Just as he had made up his mind and was wondering how the thing could be managed, the bossboy came to him, saying that unless the Dutchman went, he and his friends would leave the farm.
‘Why?’ asked Major Carruthers, knowing what the answer would be. Van Heerden was a hard worker, and the cattle were improving week by week under his care, but he could not handle natives. He shouted at them, lost his temper, treated them like dogs. There was continual friction.
‘Dutchmen are no good,’ said the bossboy simply, voicing the hatred of the black man for that section of the white people he considers his most brutal oppressors.
Now, Major Carruthers was proud that at a time when most farmers were forced to buy labour from the contractors, he was able to attract sufficient voluntary labour to run his farm. He was a good employer, proud of his reputation for fair dealing. Many of his natives had been with him for years, taking a few months off occasionally for a rest in their kraals, but always returning to him. His neighbours were complaining of the sullen attitude of their labourers: so far Major Carruthers had kept this side of that form of passive resistance which could ruin a farmer. It was walking on a knife-edge, but his simple human relationship with his workers was his greatest asset as a farmer, and he knew it.
He stood and thought, while his bossboy, who had been on this farm twelve years, waited for a reply. A great deal was at stake. For a moment Major Carruthers thought of dismissing the Dutchman; he realized he could not bring himself to do it: what would happen to all those children? He decided on a course which was repugnant to him. He was going to appeal to his employee’s pity.
‘I have always treated you square?’ he asked. ‘I’ve always helped you when you were in trouble?’
The bossboy immediately and warmly assented.
‘You know that my wife is ill, and that I’m having a lot of trouble just now? I don’t want the Dutchman to go, just now when the work is so heavy. I’ll speak to him, and if there is any more trouble with the men, then come to me and I’ll deal with it myself.’
It was a glittering blue day, with a chill edge on the air, that stirred Major Carruthers’ thin blood as he stood, looking in appeal into the sullen face of the native.

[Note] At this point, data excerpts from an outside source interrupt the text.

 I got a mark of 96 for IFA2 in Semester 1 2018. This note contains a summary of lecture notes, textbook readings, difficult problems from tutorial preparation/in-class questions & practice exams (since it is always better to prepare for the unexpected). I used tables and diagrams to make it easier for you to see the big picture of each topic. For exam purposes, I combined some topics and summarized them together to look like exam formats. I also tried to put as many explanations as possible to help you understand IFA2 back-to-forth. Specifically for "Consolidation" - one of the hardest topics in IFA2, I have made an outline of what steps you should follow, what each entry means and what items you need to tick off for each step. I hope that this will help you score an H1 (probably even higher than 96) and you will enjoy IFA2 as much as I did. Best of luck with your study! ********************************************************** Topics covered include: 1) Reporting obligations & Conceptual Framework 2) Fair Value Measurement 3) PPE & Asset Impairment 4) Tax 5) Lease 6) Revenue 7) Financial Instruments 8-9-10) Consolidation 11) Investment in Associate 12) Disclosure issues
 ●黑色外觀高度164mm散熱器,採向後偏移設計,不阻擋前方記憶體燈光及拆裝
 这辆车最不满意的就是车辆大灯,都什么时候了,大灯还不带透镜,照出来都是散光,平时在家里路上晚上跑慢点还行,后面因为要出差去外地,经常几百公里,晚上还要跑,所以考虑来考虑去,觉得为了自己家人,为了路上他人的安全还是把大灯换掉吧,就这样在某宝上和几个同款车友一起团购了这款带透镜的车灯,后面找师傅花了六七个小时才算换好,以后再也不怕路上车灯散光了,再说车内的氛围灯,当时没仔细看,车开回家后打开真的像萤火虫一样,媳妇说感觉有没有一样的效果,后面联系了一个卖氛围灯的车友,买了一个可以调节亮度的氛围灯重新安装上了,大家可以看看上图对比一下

All at once, feeling the fresh air wash along his cheeks, watching the leaves shake with a ripple of gold on the trees down the slope, he felt superior to his difficulties and able to face anything. ‘Come,’ he said, with his rare, diffident smile. ‘After all these years, when we have been working together for so long, surely you can do this for me. It won’t be for very long.’
He watched the man’s face soften in response to his own; and wondered at the unconscious use of the last phrase, for there was no reason, on the face of things, why the situation should not continue as it was for a very long time.

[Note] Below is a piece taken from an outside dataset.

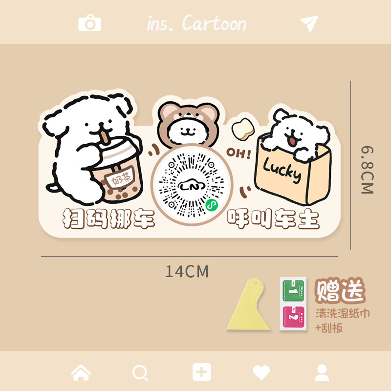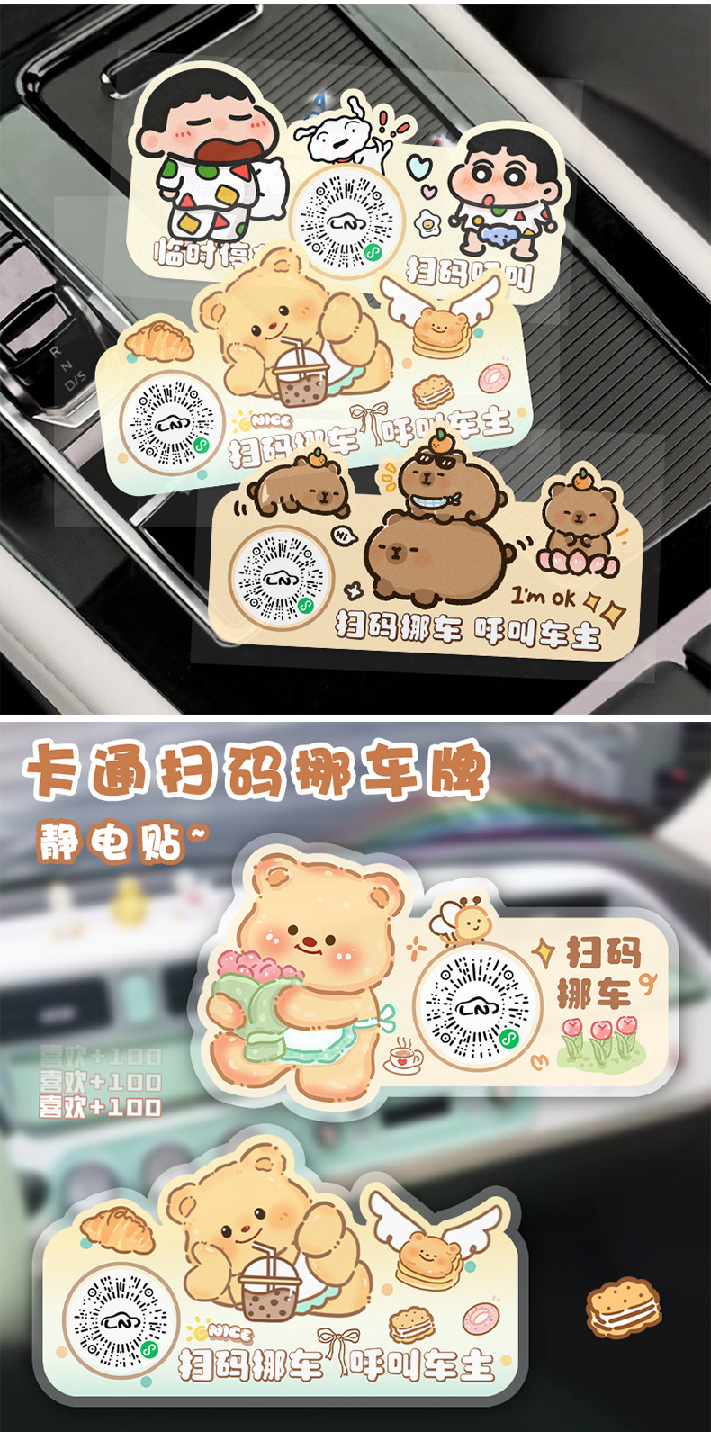 라인 강아지 자동차 임시 주차 스캔 코드 교대 번호판 창조적 인 자동차 이동 자동차 2 차원 코드 정전기 스티커 개인 정보스토어 가기

They began laughing together; and separated cheerfully; the African shaking his head ruefully over the magnitude of the sacrifice asked of him, thus making the incident into a joke; and he dived off into the bush to explain the position to his fellow-workers.
Repressing a strong desire to go after him, to spend the lovely fresh day walking for pleasure, Major Carruthers went into his wife’s bedroom, inexplicably confident and walking like a young man.
She lay as always, face to the wall, her protruding shoulders visible beneath the cheap pink bed-jacket he had bought for her illness. She seemed neither better nor worse. But as she turned her head, his buoyancy infected her a little; perhaps, too, she was conscious of the exhilarating day outside her gloomy curtains.